Były europoseł PiS oraz Rzecznik Praw Obywatelskich apelują do ministra infrastruktury o zmianę przepisów. Chcą, żeby kierowcy mieli obowiązek zatrzymać się przed przejściem również wtedy, gdy pieszy na nie jeszcze nie wszedł. Resort odpowiada, że przepisów zmieniać nie trzeba.

Według danych z najnowszego raportu Biura Ruchu Drogowego Komendy Głównej Policji, opublikowanego w marcu tego roku, choć w Polsce spada liczba wypadków z udziałem pieszych, to rośnie liczba osób, które straciły życie na pasach.

W 2018 roku na przejściach dla pieszych zginęło 285 osób. To o 18 ofiar więcej niż rok wcześniej. Negatywny trend zanotowany został trzeci rok z rzędu.

Mknie ulicą pełną przejść dla pieszych
Mknie ulicą pełną przejść dla pieszychKontakt24

Skalę problemu pokazuje także odsetek wypadków na przejściach w stosunku do ogólnej liczby zdarzeń z udziałem pieszych. Dekadę temu - w 2008 roku - na popularnej "zebrze" doszło do prawie 30 proc. ogółu takich wypadków, podczas gdy rok temu była to już niemalże połowa.

Główną przyczyną potrąceń było nieustąpienie pierwszeństwa na przejściach dla pieszych.

Zabici w wypadkach drogowych z uwzględnieniem zabitych na przejściach dla pieszychKonkret 24

Co mówią przepisy?

W obecnym stanie prawnym zachowanie pieszego przechodzącego przez jezdnię przejściem dla pieszych determinują dwa przepisy Prawa o ruchu drogowym.

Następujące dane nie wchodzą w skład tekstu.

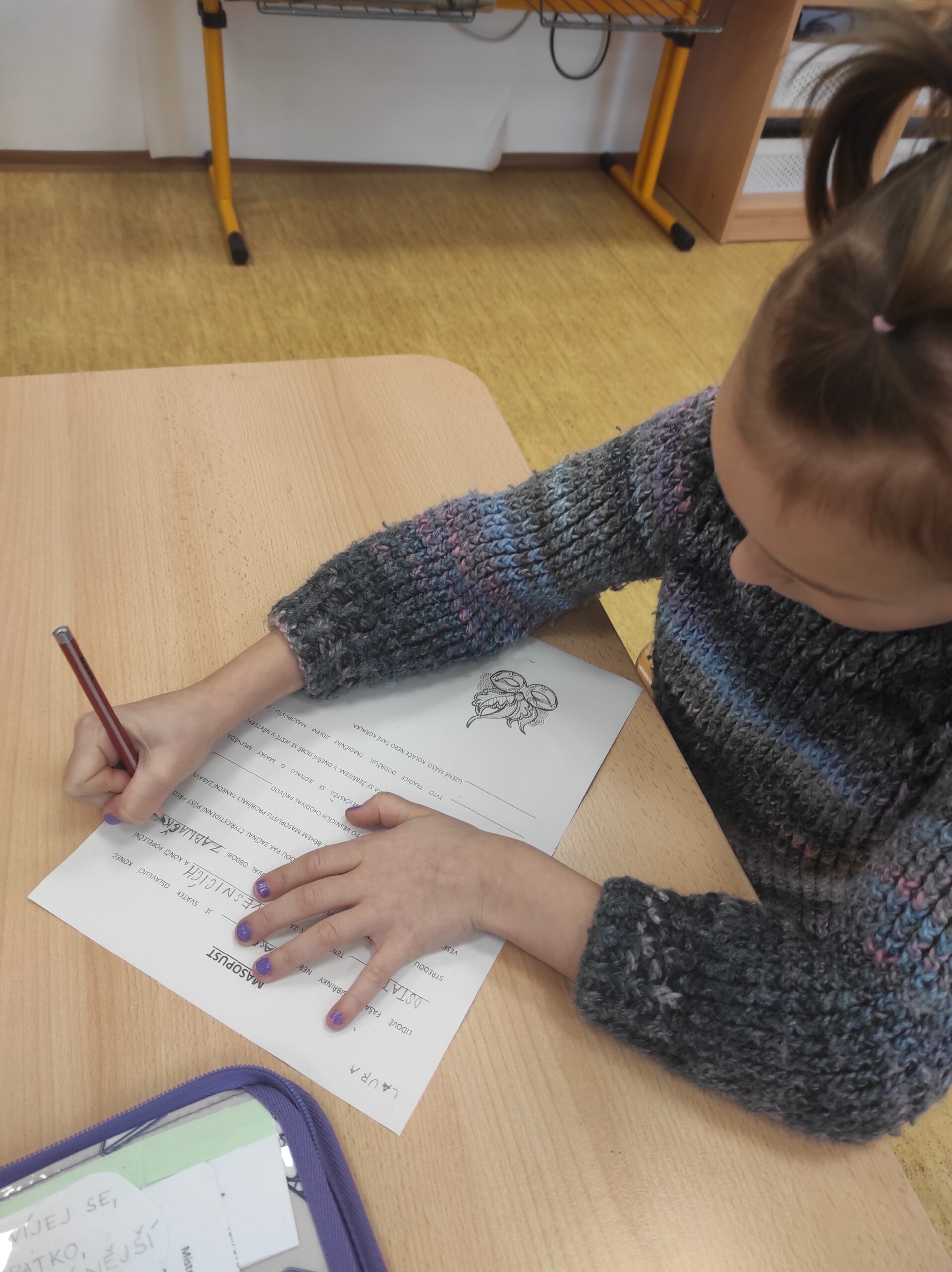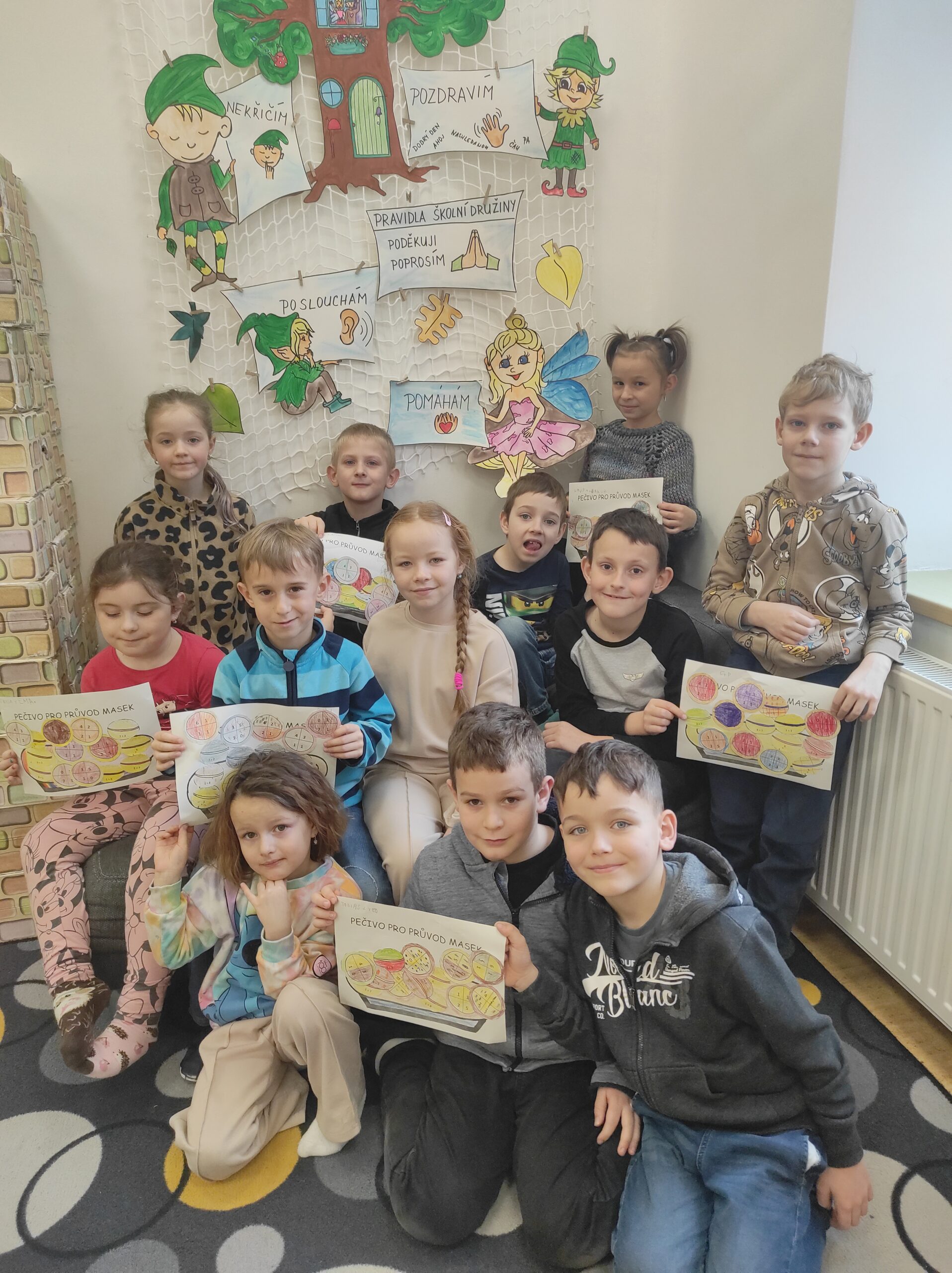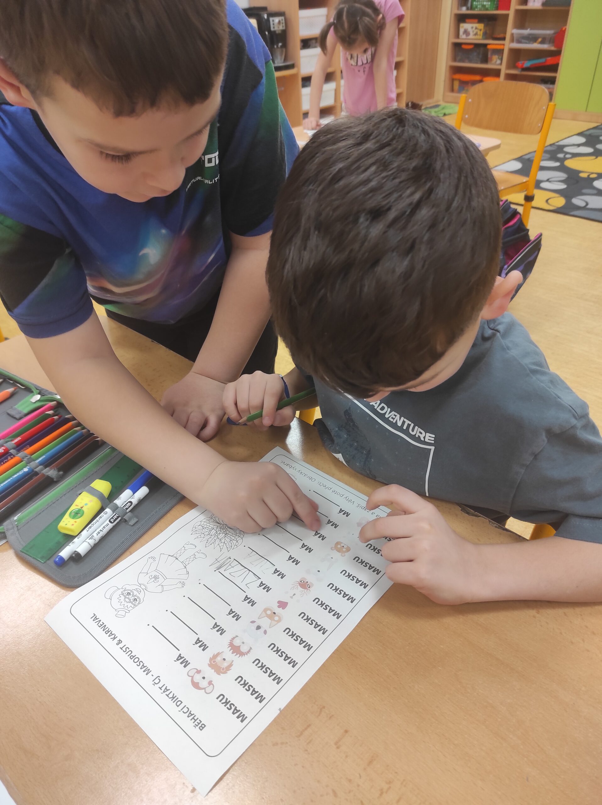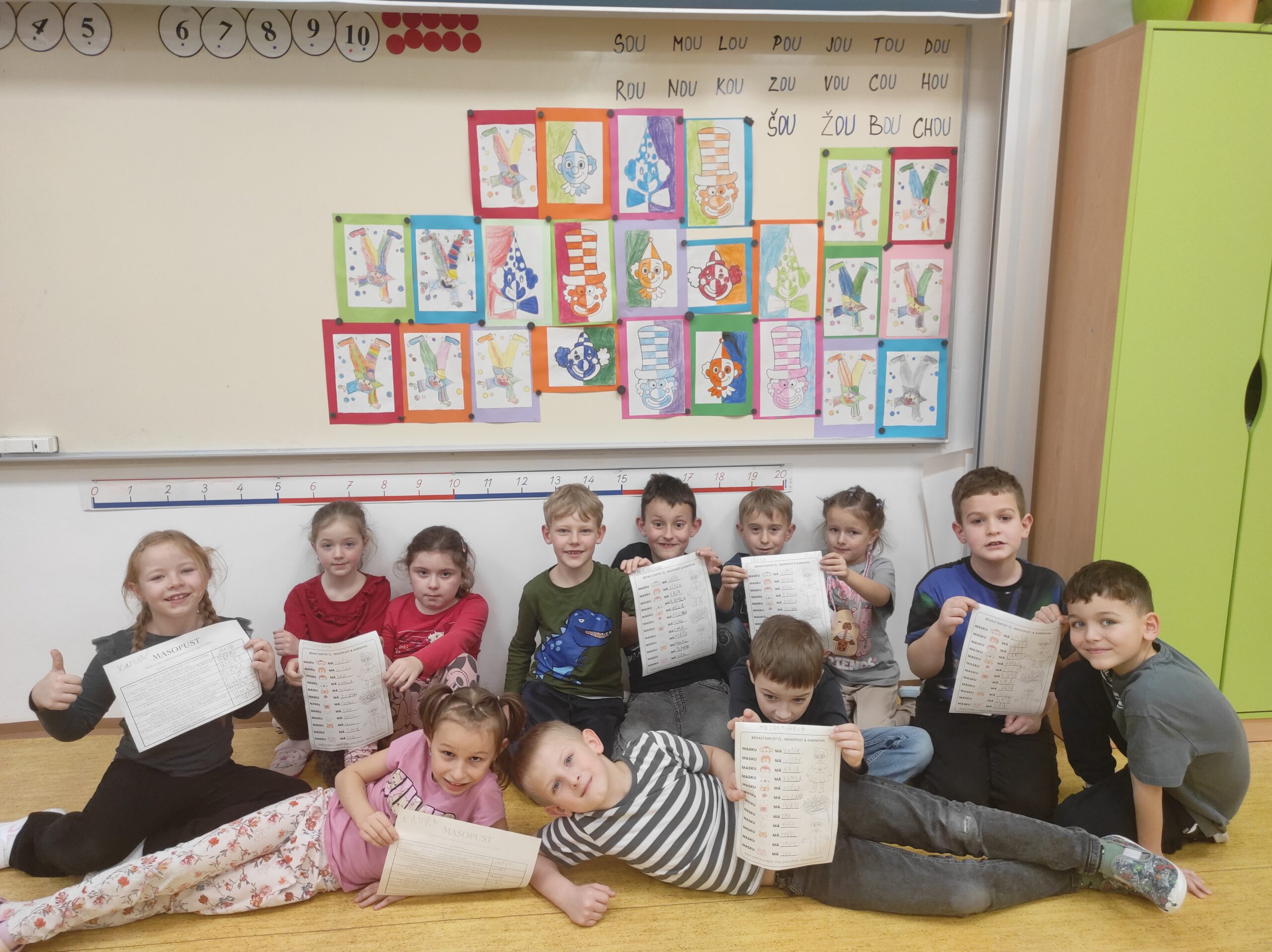 Ve třídě jsme si užili veselé fašankové chvíle plné učení i zábavy.  V matematice jsme si vyzkoušeli počítání s fašankovou tematikou a počítali příklady rozmístěné po třídě. Velký úspěch měl také běhací diktát s maskami, při kterém si žáci procvičili čtení, psaní i spolupráci. V geometrii zápasili s pravítky a snažili se co nejpřesněji spojit body, nacvičovali jsme rýsování úsečky. Zapeklitá byla výtvarka, kdy museli žáci logicky přemýšlet, aby masku vybarvili podle stanovených pravidel. Ne všichni pravidla dodrželi, ale výsledek byl nakonec hezký. Na závěr ještě hledali slova do fašankového textu. A vy víte, co jsou to ostatky – šibřinky – fašank – masopust?

Pieszy, przechodząc przez jezdnię lub torowisko, jest obowiązany zachować szczególną ostrożność (...). Pieszy znajdujący się na tym przejściu ma pierwszeństwo przed pojazdem. Art. 13. ust. 1 Prawo o ruchu drogowym

Zabrania się: 1) wchodzenia na jezdnię: a) bezpośrednio przed jadący pojazd, w tym również na przejściu dla pieszych (...). Art. 14 ust. 1 Prawo o ruchu drogowym

Takie wejście jest określane w literaturze przedmiotu jako "wtargnięcie”.

Z kolei zachowanie kierowcy jest określone w innym miejscu kodeksu drogowego.

Kierujący pojazdem, zbliżając się do przejścia dla pieszych, jest obowiązany zachować szczególną ostrożność i ustąpić pierwszeństwa pieszemu znajdującemu się na przejściu. Art. 26. 1 Prawo o ruchu drogowym

Szczególna ostrożność jest zdefiniowana w tej samej ustawie jako "ostrożność polegającą na zwiększeniu uwagi i dostosowaniu zachowania uczestnika ruchu do warunków i sytuacji zmieniających się na drodze, w stopniu umożliwiającym odpowiednio szybkie reagowanie".

A ustąpienie pierwszeństwa jest określane jako "powstrzymanie się od ruchu, jeżeli ruch mógłby zmusić innego kierującego do zmiany kierunku lub pasa ruchu albo istotnej zmiany prędkości, a pieszego – do zatrzymania się, zwolnienia lub przyspieszenia kroku".

Były europoseł PiS z petycją, by "zwiększyć bezpieczeństwo przejść dla pieszych"

W sierpniu 2018 roku Janusz Wojciechowski, audytor z ramienia Polski w Europejskim Trybunale Obrachunkowym, były prezes PSL i europoseł PiS oraz były szef Najwyższej Izby Kontroli wysłał do Sejmu petycję (anonimowo, zastrzegł swoje dane osobowe, jednak o złożeniu petycji poinformował później w mediach społecznościowych).

Zawnioskował, aby zmienić art. 26 ust. 1 ustawy prawo o ruchu drogowym w ten sposób, aby kierowcy mieli obowiązek ustąpić pierwszeństwa przejazdu nie tylko pieszym znajdującym się na przejściu, ale też wchodzącym na nie i oczekującym na pokonanie jezdni, zwróconym w kierunku pasów.

Olsztyn. Potrącił kobietę na przejściu dla pieszych
Olsztyn. Potrącił kobietę na przejściu dla pieszychPolicja Olsztyn

Argumentował, że proponowana zmiana istotnie "zwiększy bezpieczeństwo przejść dla pieszych" i powinna znacząco zmniejszyć liczbę wypadków na przejściach. "Pieszy jest najsłabszym uczestnikiem ruchu drogowego, dlatego obowiązkiem kierowcy powinna być troska o jego bezpieczeństwo. Nie wyłącza to oczywiście wymogów ostrożności samego pieszego" - zastrzegł.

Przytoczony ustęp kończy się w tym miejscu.